• TASK TO COMPLETE: Write the listing below out again word for word, without a single picture.

• DATA BLOCK:
###

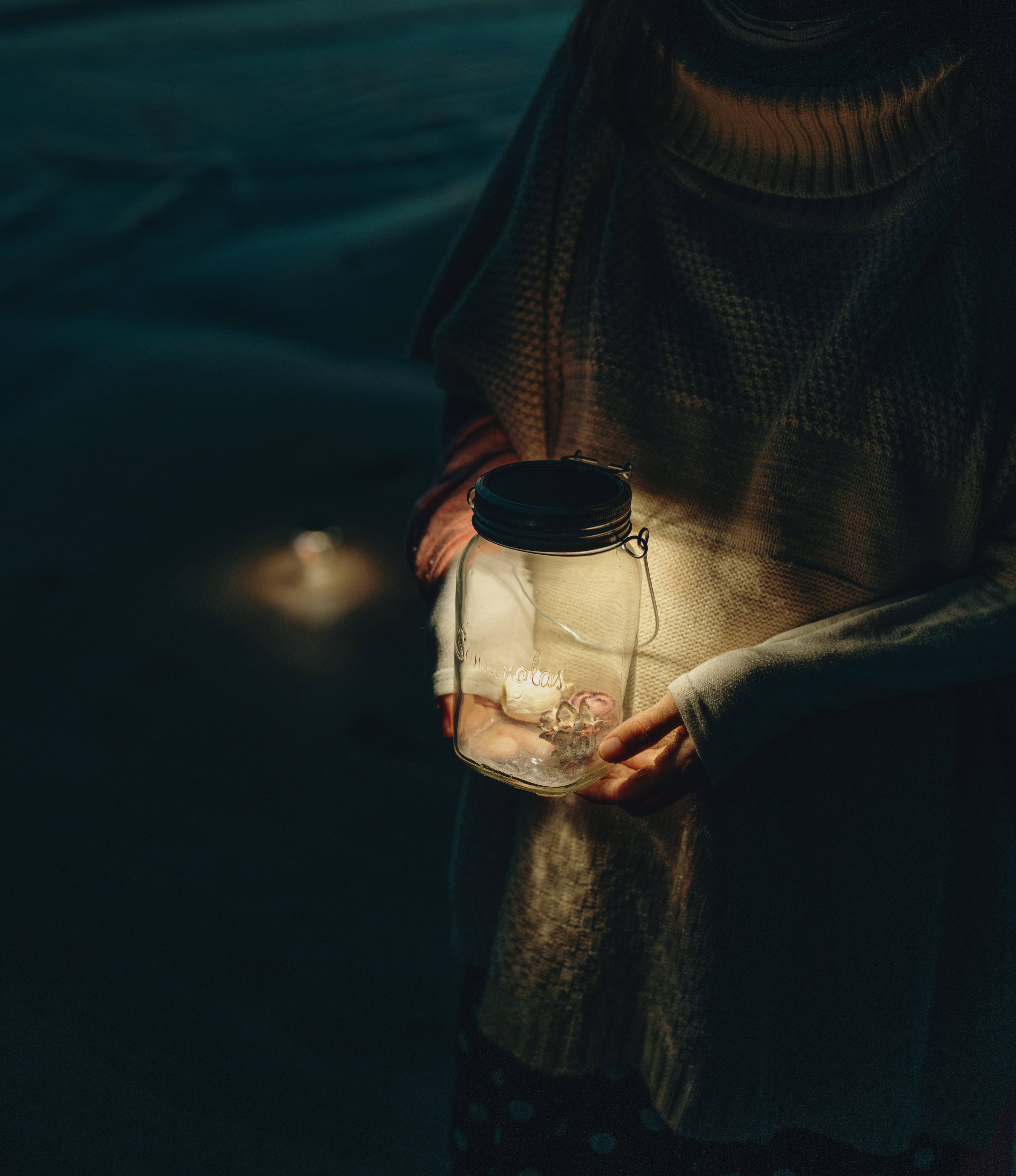 Flores secas, piedras, arena o conchas - no importa lo que te guste, puedes introducirlo en tu Sonnenglas® y crear tu propia decoración única. Los LED integrados permiten que el contenido del vaso brille con la luz más bonita y también son lo suficientemente brillantes como para usarse como una luz de lectura sostenible. Durante el día, el panel solar carga la batería, por lo que por la noche todo lo que tienes que hacer es accionar el interruptor magnético para disfrutar de la maravillosa luz.
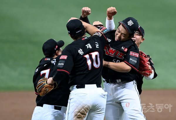kt가 두산에 5-2로 승리한 뒤 선수들이 그라운드에서 기쁨을 나누고 있다.
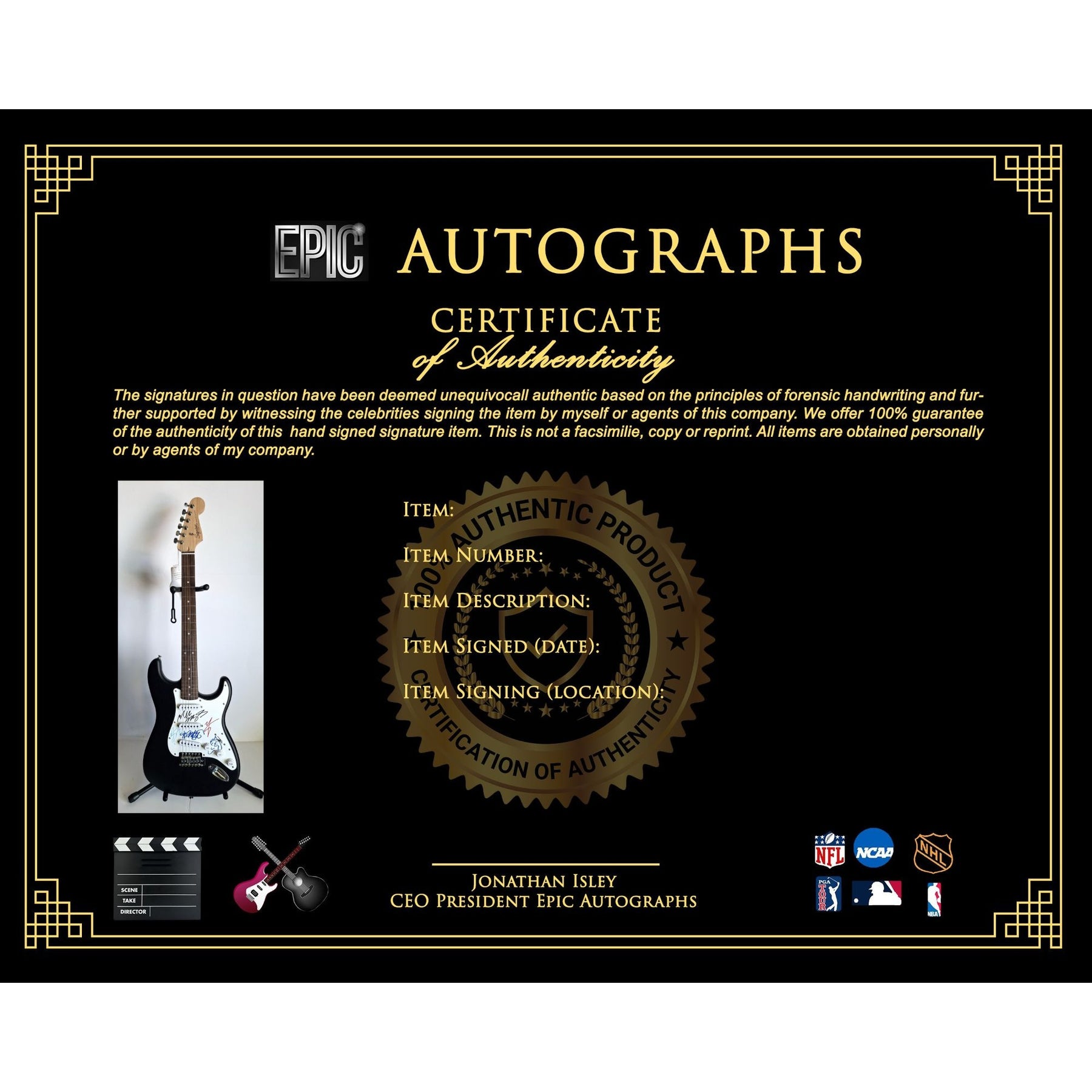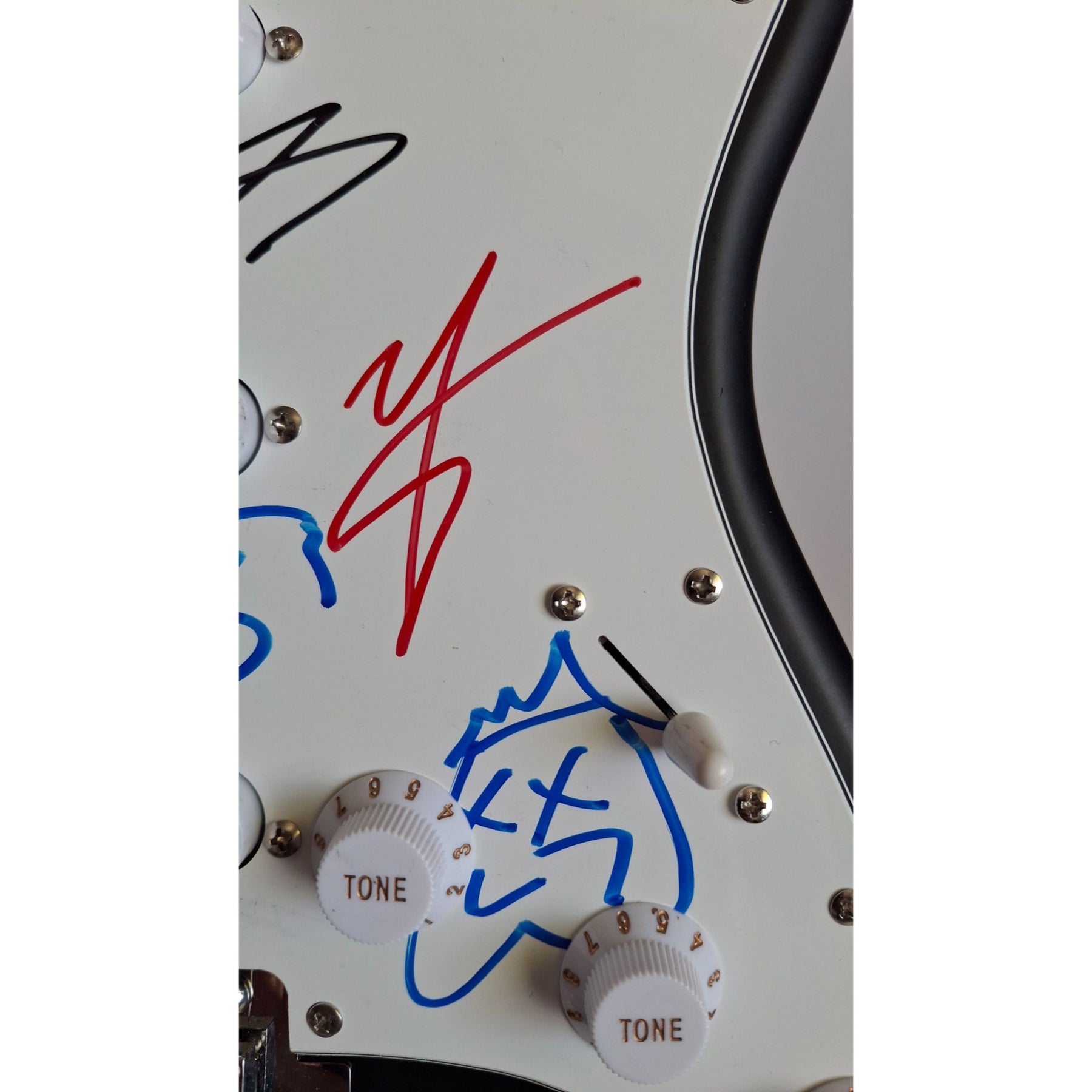 Motley Crue, Tommy Lee, Mick Mars, Nixxi Sixx, Vince Neal, Fender Stratocaster Squier electric guitar signed with proof $3995

###

• SOLUTION FOR THIS EXERCISE:
 Flores secas, piedras, arena o conchas - no importa lo que te guste, puedes introducirlo en tu Sonnenglas® y crear tu propia decoración única. Los LED integrados permiten que el contenido del vaso brille con la luz más bonita y también son lo suficientemente brillantes como para usarse como una luz de lectura sostenible. Durante el día, el panel solar carga la batería, por lo que por la noche todo lo que tienes que hacer es accionar el interruptor magnético para disfrutar de la maravillosa luz.
kt가 두산에 5-2로 승리한 뒤 선수들이 그라운드에서 기쁨을 나누고 있다.
 Motley Crue, Tommy Lee, Mick Mars, Nixxi Sixx, Vince Neal, Fender Stratocaster Squier electric guitar signed with proof $3995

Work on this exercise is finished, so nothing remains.